WHAT TO PRODUCE - Set down, word for word, only the lines from the start of the records through the line bearing "The parameter update"; include no pictures.

Recorded data:
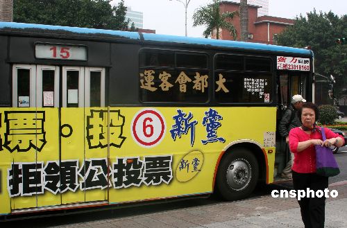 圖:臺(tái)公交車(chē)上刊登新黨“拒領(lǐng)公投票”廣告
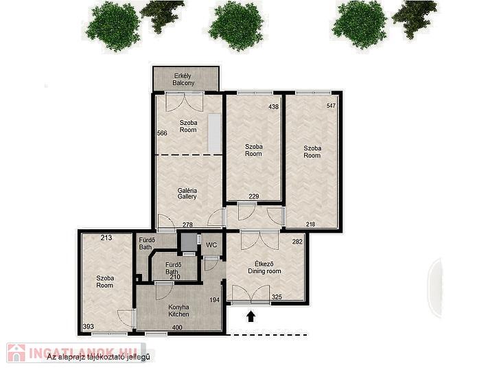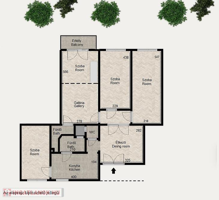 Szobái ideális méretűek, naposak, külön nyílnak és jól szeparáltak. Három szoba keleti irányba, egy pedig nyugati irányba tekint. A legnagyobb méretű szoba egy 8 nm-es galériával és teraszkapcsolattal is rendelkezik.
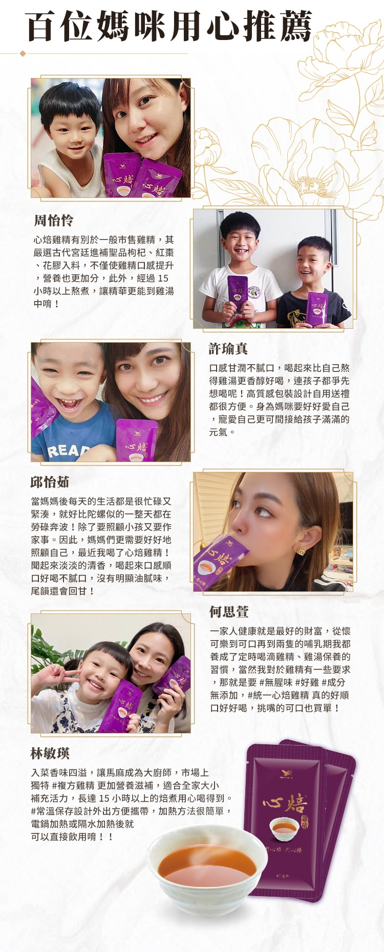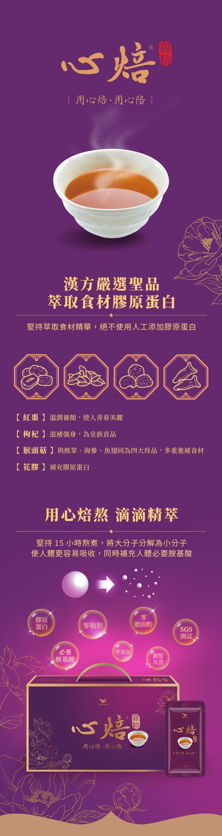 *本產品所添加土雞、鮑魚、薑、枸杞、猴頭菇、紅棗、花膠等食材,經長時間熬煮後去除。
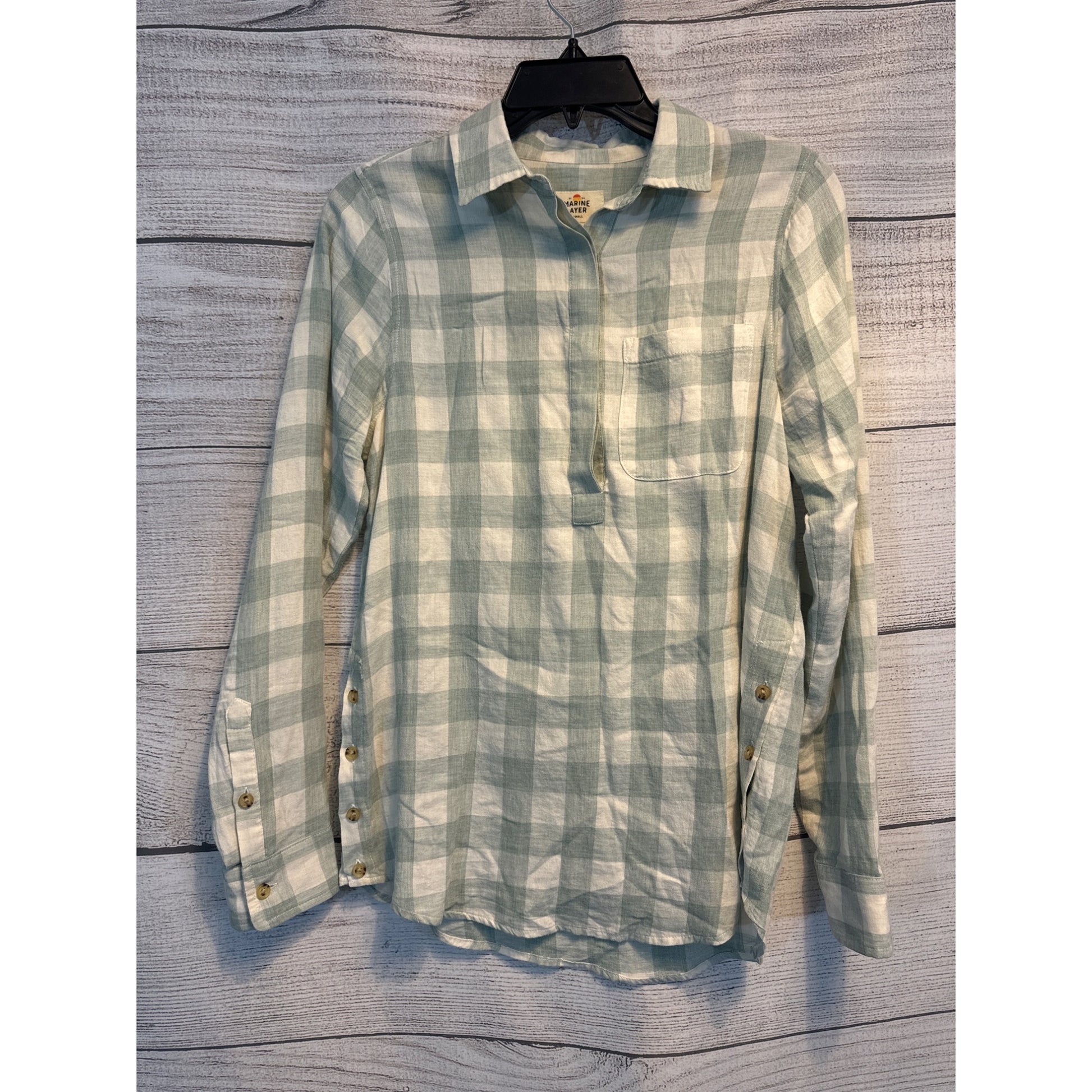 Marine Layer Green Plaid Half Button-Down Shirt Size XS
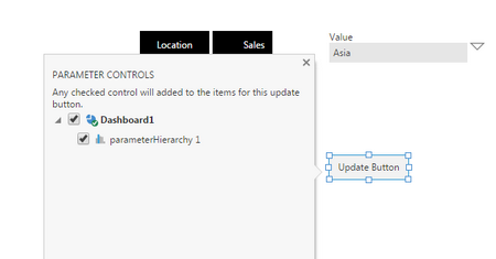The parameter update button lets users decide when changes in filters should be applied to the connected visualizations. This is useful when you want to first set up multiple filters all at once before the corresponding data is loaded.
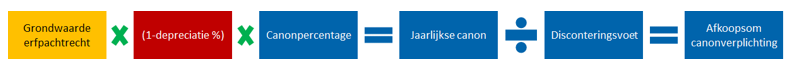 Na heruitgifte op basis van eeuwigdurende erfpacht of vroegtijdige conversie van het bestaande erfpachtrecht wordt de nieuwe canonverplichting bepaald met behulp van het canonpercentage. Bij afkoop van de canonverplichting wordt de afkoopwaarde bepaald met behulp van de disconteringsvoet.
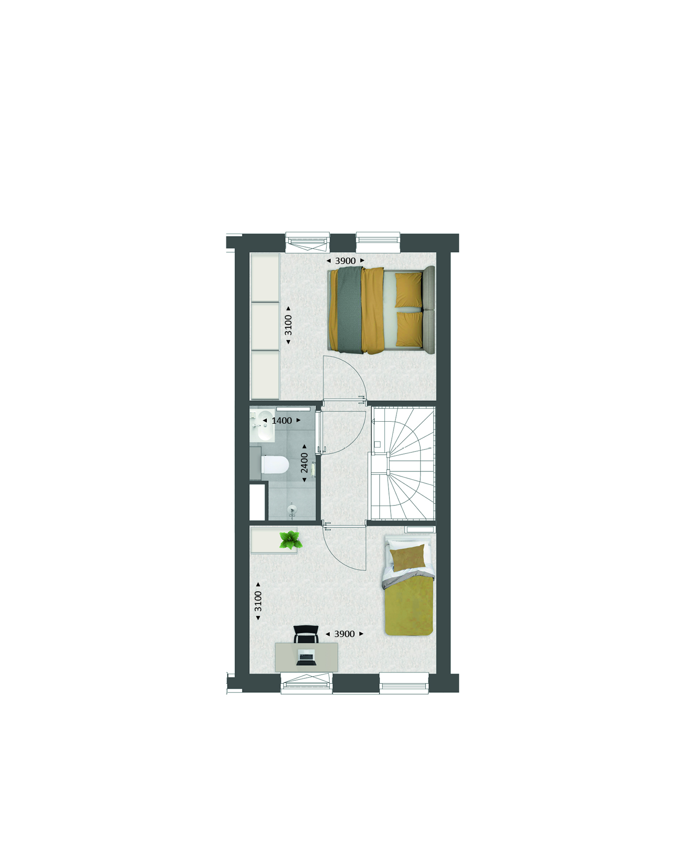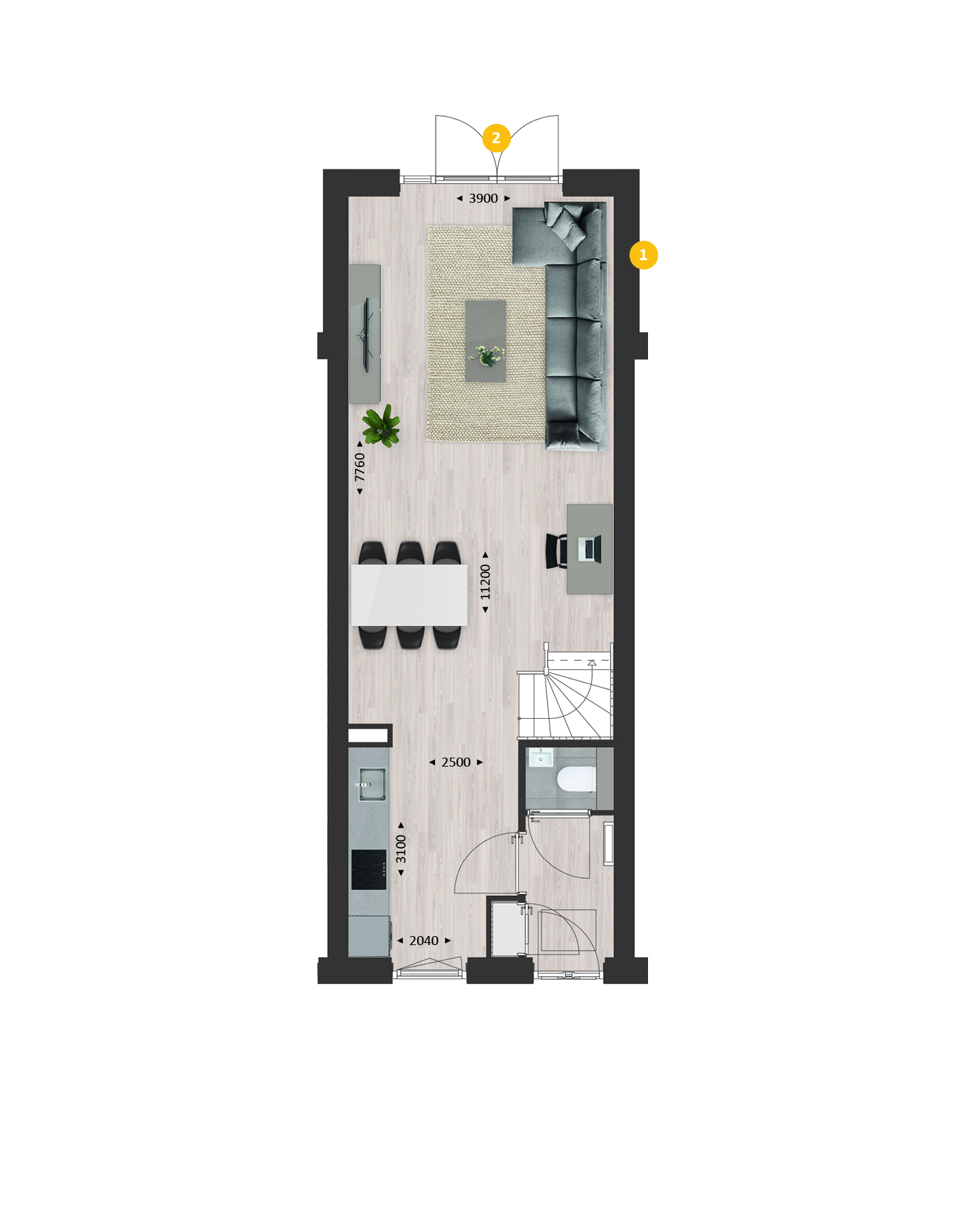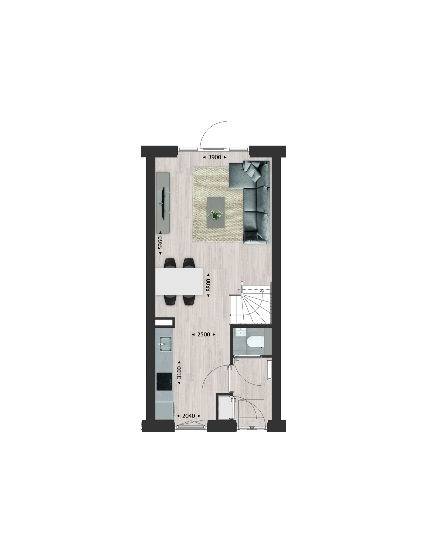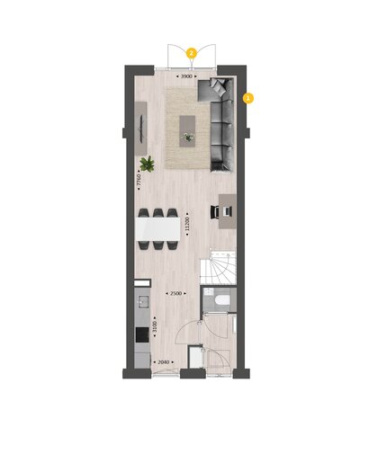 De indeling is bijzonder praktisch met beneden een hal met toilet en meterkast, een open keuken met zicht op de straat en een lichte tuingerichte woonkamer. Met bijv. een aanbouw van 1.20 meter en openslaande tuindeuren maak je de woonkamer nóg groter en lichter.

TASK SOLUTION -
 圖:臺(tái)公交車(chē)上刊登新黨“拒領(lǐng)公投票”廣告
 Szobái ideális méretűek, naposak, külön nyílnak és jól szeparáltak. Három szoba keleti irányba, egy pedig nyugati irányba tekint. A legnagyobb méretű szoba egy 8 nm-es galériával és teraszkapcsolattal is rendelkezik.
 *本產品所添加土雞、鮑魚、薑、枸杞、猴頭菇、紅棗、花膠等食材,經長時間熬煮後去除。
 Marine Layer Green Plaid Half Button-Down Shirt Size XS
The parameter update button lets users decide when changes in filters should be applied to the connected visualizations. This is useful when you want to first set up multiple filters all at once before the corresponding data is loaded.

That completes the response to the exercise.